Protein–protein interaction assayed using Proximity ligation assay. Plasmids encoding SOX8-WT or SOX8p.Glu156Asp were transiently expressed with WT-NR5A1 or SOX9 for 48 h in HEK293T cells. Protein–protein interaction of SOX8-WT and SOX8p.Glu156Asp with NR5A1 and SOX9 were analysed using the Duolink proximity ligation assay. Nuclei are stained with DAPI (blue) and Duolink signal representing interaction between the proteins is shown in green.

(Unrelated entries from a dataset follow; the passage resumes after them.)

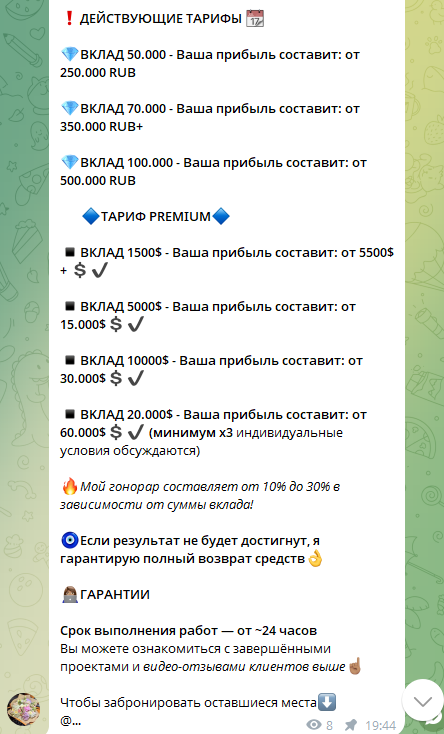 Хотя неизвестно, кто в действительности стоит за данными сообществами, высока вероятность того, что видео и фотографии админа были просто куплены на бирже фриланса. Тем не менее схема работы, которая предлагается – является крайне распространенной. Автор не только пытается похитить сумму инвестиций, а ведь она достаточно большая. Когда пользователь вносит средства, с него пытаются тянуть дополнительные вклады. Рассказывают о том, что нужно оплатить комиссию биржи, уплатить налоги, услуги гаранта и т.д. В итоге сумма, которую требуют с него может доходить почти до той, которую якобы должны выплатить.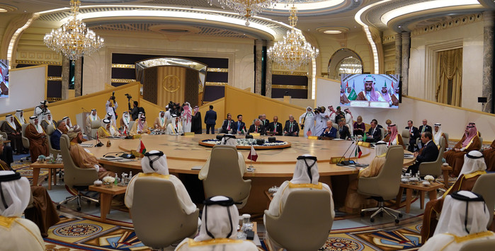 [프레스뉴스] 채정병 특파원=16일(현지시간) 사우디 아라비아 제다에서 열린 걸프 협력 협의회(GCC) 안보 및 개발 정상회담이 조 바이든(가운데) 미국 대통령이 참가한 가운데 진행되고 있다. (사진=요르단 왕실 제공)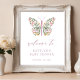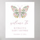This beautiful baby shower welcome sign poster features a hand drawn floral butterfly in lavender, blush pink, golden yellow, and green. Elegant text reads, "Welcome to," and text templates are included for simple personalization. Choose from a variety of poster dimensions - both printed options and instant downloads are available!
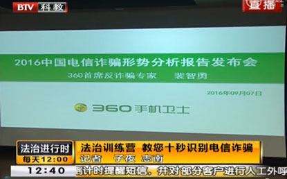 中國(guó)經(jīng)濟(jì)網(wǎng)北京9月12訊 生活中,當(dāng)你接到詐騙電話的時(shí)候,你要多久能發(fā)現(xiàn)這個(gè)騙局呢,10秒?20秒?還是根本識(shí)別不出來(lái)?9月10日,北京衛(wèi)視《法治進(jìn)行時(shí)》欄目在節(jié)目一開(kāi)始便拋出了這樣一個(gè)問(wèn)題。面對(duì)電信詐騙分子日益多變的手法,如何頭腦清晰地最快識(shí)別出騙局?這一期的《法治進(jìn)行時(shí)》和360手機(jī)衛(wèi)士專家一起給大家提供了很多實(shí)用的建議。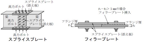 スプライスプレートとは、高力ボルト接合による鉄骨造の柱や梁の継手において、あらかじめ所定の位置にボルト貫通孔を加工した添え板である。(一級施工:平成26年No.24)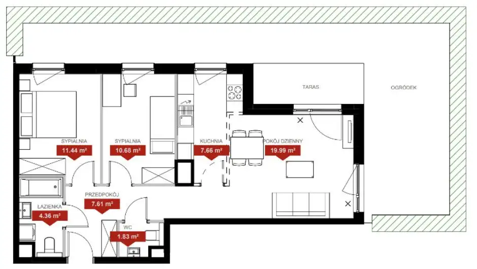 - kuchnia (możliwość wydzielenia) - 7,66 m²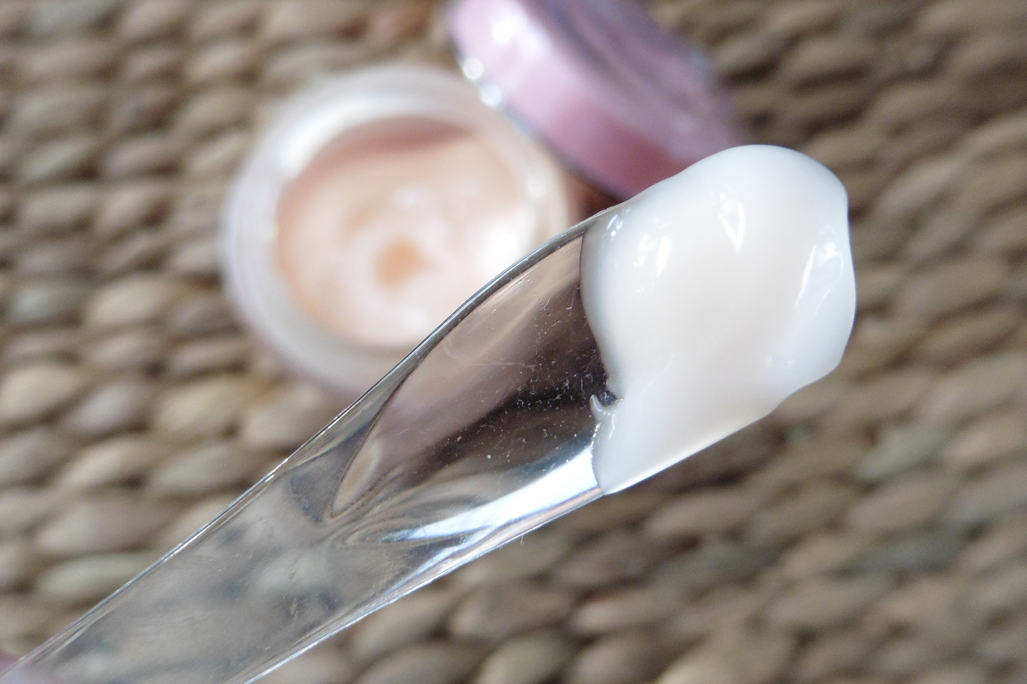 The light pink gel-cream is housed in a wide-mouthed clear glass jar with a plastic lid that is endearingly shaped like a dollop of cream. It comes with a spatula, but I just scoop it out with my fingers.

Each green dot represents a single dimerization event. Both the SOX8-WT and SOX8p.Glu156Asp proteins can physically interact with NR5A1. Whereas, although SOX8-WT protein can interact with SOX9, the SOX8p.Glu156Asp cannot.

Figure 7.

Schematic representation of the results of the in vitro assays for the SOX8p.Glu156Asp protein. (A) The mutant SOX8 protein has the ability to physically interact with the NR5A1 protein but in contrast to the WT-SOX8 protein does not synergize with NR5A1 to promote reporter gene activity using the Tesco enhancer as a target. (B) The mutant SOX8 protein does not physically interact with the SOX9 protein and shows a lack of synergy with SOX9/NR5A1 to promote reporter gene activity. (C) The SOX8 mutant protein also shows dominant negative activity by impairing promoter gene activity of the WT-SOX8 protein in synergy with NR5A1.